= Górniczy Agregat Gaśniczy =

Jet engine unit used in mines

The Górniczy Agregat Gaśniczy (GAG) is a jet engine inertisation unit developed for use in mines, controlling and suppressing coal seam fires and neutralising firedamp situations. The unit was designed in Poland in the 1970s, and its name roughly translates as "Mine Fire Suppression Apparatus". A GAG 3A unit was developed by the Queensland Mines Rescue Service, in association with the Commonwealth Scientific and Industrial Research Organisation (CSIRO). GAG units have been used in Australia since 1998.

==Mechanism==
The GAG unit emits carbon dioxide, nitrogen and water vapour.
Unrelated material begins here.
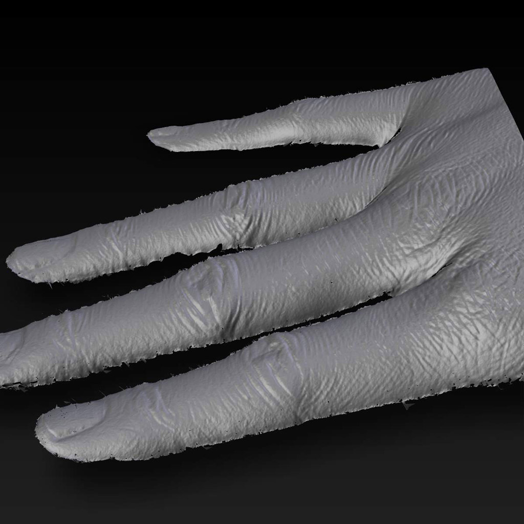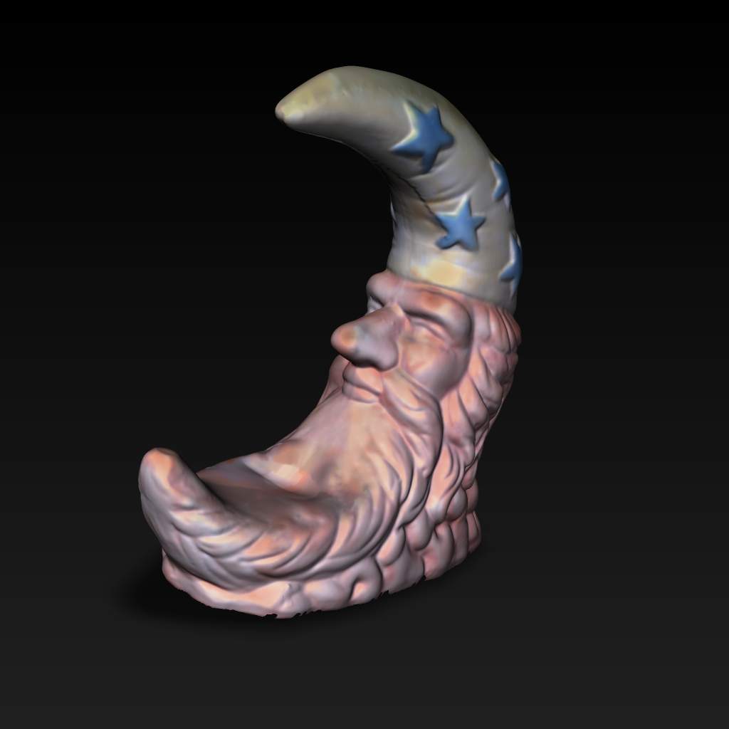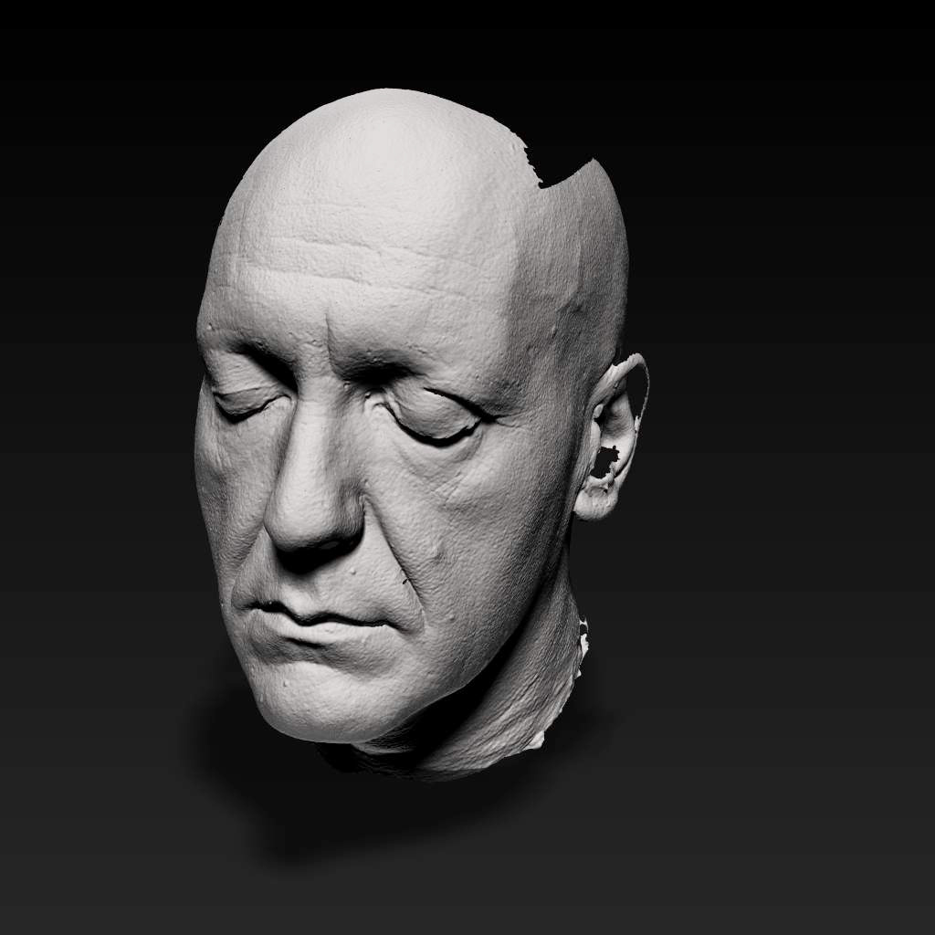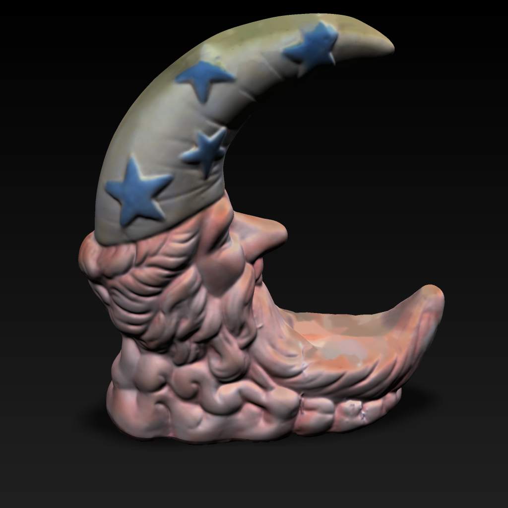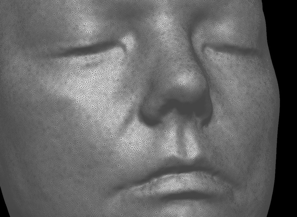 Nikon D50カメラと解像度 800x600のプロジェクターを使い計測しています。RapidForm 2006を使いメッシュを作成しました。画像の貼り付けは、FlexScan3Dの中のautomatic UV Projectionを使用しています。

The gases lower the oxygen levels, suppressing fires, and forcing methane out of the mine. A unit is capable of pumping a volume of 25 m^{3}/s, creating levels of less than 1% oxygen. When fully assembled, the unit is 12 metres long and weighs 2.5 tonnes. As of 2010, there are only three GAG units in the world – in Australia, the Netherlands and Ukraine. The "GAG" unit from the Netherlands is called Steamexfire.

==Notable usage==
GAG units have been used in Australia, most notably in 2000 at the Blair Athol Mine, Queensland, where one extinguished a 54-year-old coal fire. In 2003, a team from the Queensland Mine Rescue Service took a unit to West Virginia, where they extinguished a 660 ft deep, two-month-old fire at Loveridge Mine after ten days of continuous use. Queensland's unit was also transported to New Zealand in 2010 for use after the Pike River Mine disaster.